While many senior software engineers within tech companies are charged by the executive team to “implement AI”, they are all still dealing with business applications based on conventional software. In a world where about 95 percent of ATM transactions use COBOL, and at a time when a range of products remain built on decades-old code, AI headlines distract from the real software reliability issues at play.

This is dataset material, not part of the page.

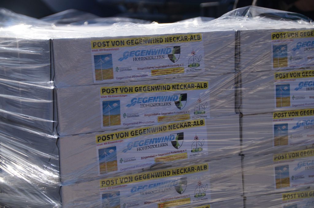 Die Schreiben wurden seit Beginn des Beteiligungsverfahrens im Januar innerhalb von drei Monaten gesammelt. Unter der Federführung der Bürgerinitiative „Gegenwind Hohenzollern“ hatte sich der Verbund „Gegenwind Neckar-Alb“ als Zusammenschluss von Bürgerinitiativen und Vereinen aus der Region gebildet.

(Image: © Image Credit: Geralt / Pixabay)

Laying the foundation for a successful AI deployment

AI, like any traditional business system or application, needs a robust foundation. Before being able to come to grips with creating complex applications, engineers need to address immediate software reliability issues, first. Nearly all software ships with undiagnosed bugs that may turn into serious production incidents, resulting in client churn and burning hours of engineering resource later down the line. It would be foolish to ignore the promise - and the threats - heralded by AI; it is equally foolish to ignore the problems and risks from the unreliability of today’s “regular” software.

Commercial pressures mean that software development managers and their teams have to make trade-offs between code quality and the pressure to ship new product features. The Economist writes that some of the neatest software ever written – by NASA’s Software Assurance Technology Centre – carried 0.1 errors per 1,000 lines of source code. Most software has a reliability of many orders of magnitude lower than that. Tricentis, a testing platform vendor, highlighted this problem in their January 2018 Software Fail Watch report.  It analysed 606 software failures and found that over 3.6 billion people had been affected by these software problems, resulting in $1.7 trillion in lost revenue to software vendors.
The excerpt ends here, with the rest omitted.